Huang Yushu, Yang Xifan, Wang Qi, Abula Adila, Dong Yue, Li Wenyuan
Center of Clinical Big Data and Analytics of The Second Affiliated Hospital, Department of Big Data in Health Science School of Public Health, Zhejiang University School of Medicine, Hangzhou, Zhejiang, China.
Zhejiang Provincial Key Laboratory of Intelligent Preventive Medicine, Hangzhou, Zhejiang, China.
Front Aging Neurosci. 2025 Jul 16;17:1532884. doi: 10.3389/fnagi.2025.1532884. eCollection 2025.
Conventional machine learning (ML) approaches for constructing biological age (BA) have predominantly relied on blood-based markers, limiting their scope. This study aims to develop and validate novel ML-based BA models using a comprehensive set of clinical, behavioral, and socioeconomic factors and evaluate their predictive performance for mortality.
We analyzed data from 24,985 participants in the National Health and Nutrition Examination Survey (NHANES) from 1999 to 2010, with follow-up extending to 31 December 2019, or until death or loss to follow-up. Thirty features, including blood and urine biochemistry, physical examination data, behavioral traits, and socioeconomic factors, were selected using the Least Absolute Shrinkage and Selection Operator (LASSO). These features were utilized to train deep neural networks (DNN) and ensemble learning models, specifically the Deep Biological Age (DBA) and Ensemble Biological Age (EnBA), with chronological age (CA) as the reference label. Model performance was assessed using mean absolute error (MAE), while interpretability was explored using Shapley Additive exPlanation (SHAP). Predictive accuracy of DBA and EnBA for mortality was compared with Phenotypic Age (PhenoAge) using the area under the curve (AUC) derived from Cox proportional hazards models and hazard ratios (HR), adjusted for demographics and lifestyle factors. Sensitivity analyses were performed to ensure robustness.
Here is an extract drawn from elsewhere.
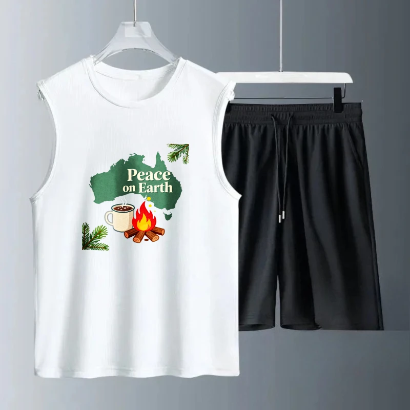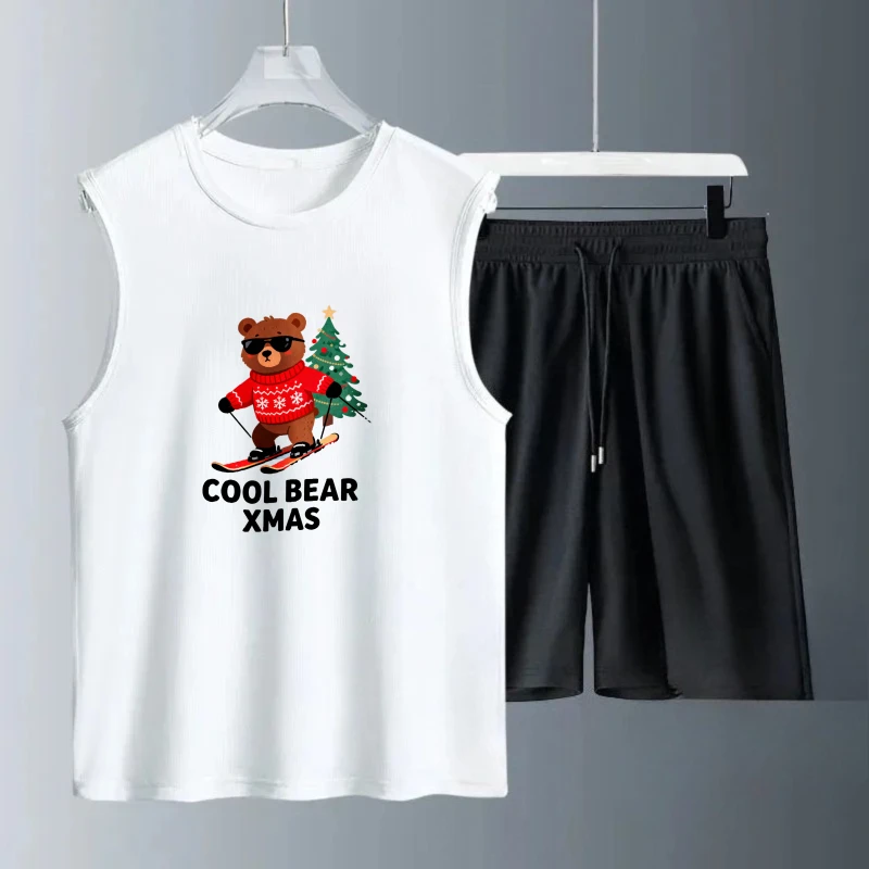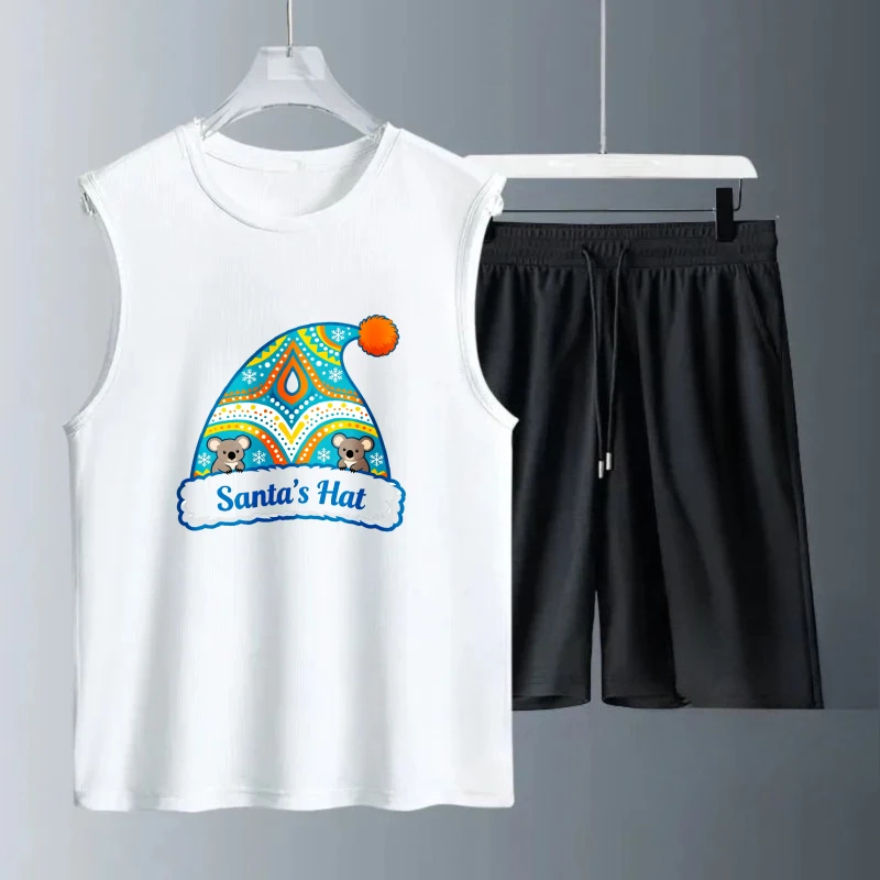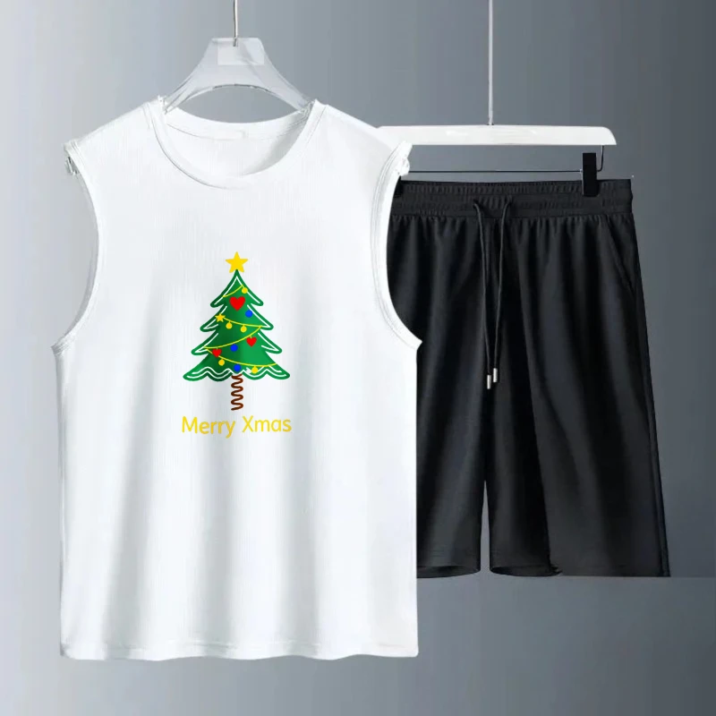 Pánské tílko oblek léto bez rukávů potištěné veselé vánoce komora topy + šortky móda obleků pánské sportovní oblečení rychlý schnoucí 2se

DBA and EnBA accurately predicted actual age (MAE = 2.98 and 3.58 years, respectively) and demonstrated strong predictive capability for all-cause mortality, with AUCs of 0.896 (95% CI: 0.891-0.898) for DBA and 0.889 (95% CI: 0.884-0.894) for EnBA. Higher DBA and EnBA accelerations were significantly associated with increased mortality risk (HR = 1.059 and 1.039, respectively). SHAP analysis highlighted prescription medication usage, hepatitis B surface antibody status, and vigorous physical activity as the most influential features contributing to DBA predictions. Furthermore, BA acceleration was linked to elevated risk of death from specific chronic conditions, including cardiovascular and cerebrovascular diseases and cancer.
Our study successfully developed and validated two ML-based BA models capable of accurately predicting both all-cause and cause-specific mortality. These findings suggest that the DBA and EnBA models hold promise for early identification of high-risk individuals, potentially facilitating timely preventive interventions and improving population health outcomes.
传统的用于构建生物学年龄(BA)的机器学习(ML)方法主要依赖于血液标志物,限制了其应用范围。本研究旨在使用一套全面的临床、行为和社会经济因素开发并验证基于ML的新型BA模型,并评估其对死亡率的预测性能。
我们分析了1999年至2010年美国国家健康与营养检查调查(NHANES)中24,985名参与者的数据,随访期延长至2019年12月31日,或直至死亡或失访。使用最小绝对收缩和选择算子(LASSO)选择了30个特征,包括血液和尿液生化指标、体格检查数据、行为特征和社会经济因素。这些特征被用于训练深度神经网络(DNN)和集成学习模型,即深度生物学年龄(DBA)和集成生物学年龄(EnBA),以实足年龄(CA)作为参考标签。使用平均绝对误差(MAE)评估模型性能,同时使用Shapley加法解释(SHAP)探索模型的可解释性。使用Cox比例风险模型得出的曲线下面积(AUC)和风险比(HR),并对人口统计学和生活方式因素进行调整,将DBA和EnBA对死亡率的预测准确性与表型年龄(PhenoAge)进行比较。进行敏感性分析以确保结果的稳健性。
DBA和EnBA能够准确预测实际年龄(MAE分别为2.98岁和3.58岁),并对全因死亡率具有很强的预测能力——DBA的AUC为0.896(95%CI:0.891-0.898),EnBA的AUC为0.889(95%CI:0.884-0.894)。较高的DBA和EnBA加速与死亡风险增加显著相关(HR分别为1.059和1.039)。SHAP分析突出了处方药使用、乙肝表面抗体状态和剧烈体育活动是对DBA预测最有影响的特征。此外,BA加速与特定慢性病(包括心血管和脑血管疾病以及癌症)的死亡风险升高有关。
我们的研究成功开发并验证了两个基于ML的BA模型,能够准确预测全因死亡率和特定病因死亡率。这些发现表明,DBA和EnBA模型有望早期识别高危个体,可能有助于及时进行预防性干预并改善人群健康结果。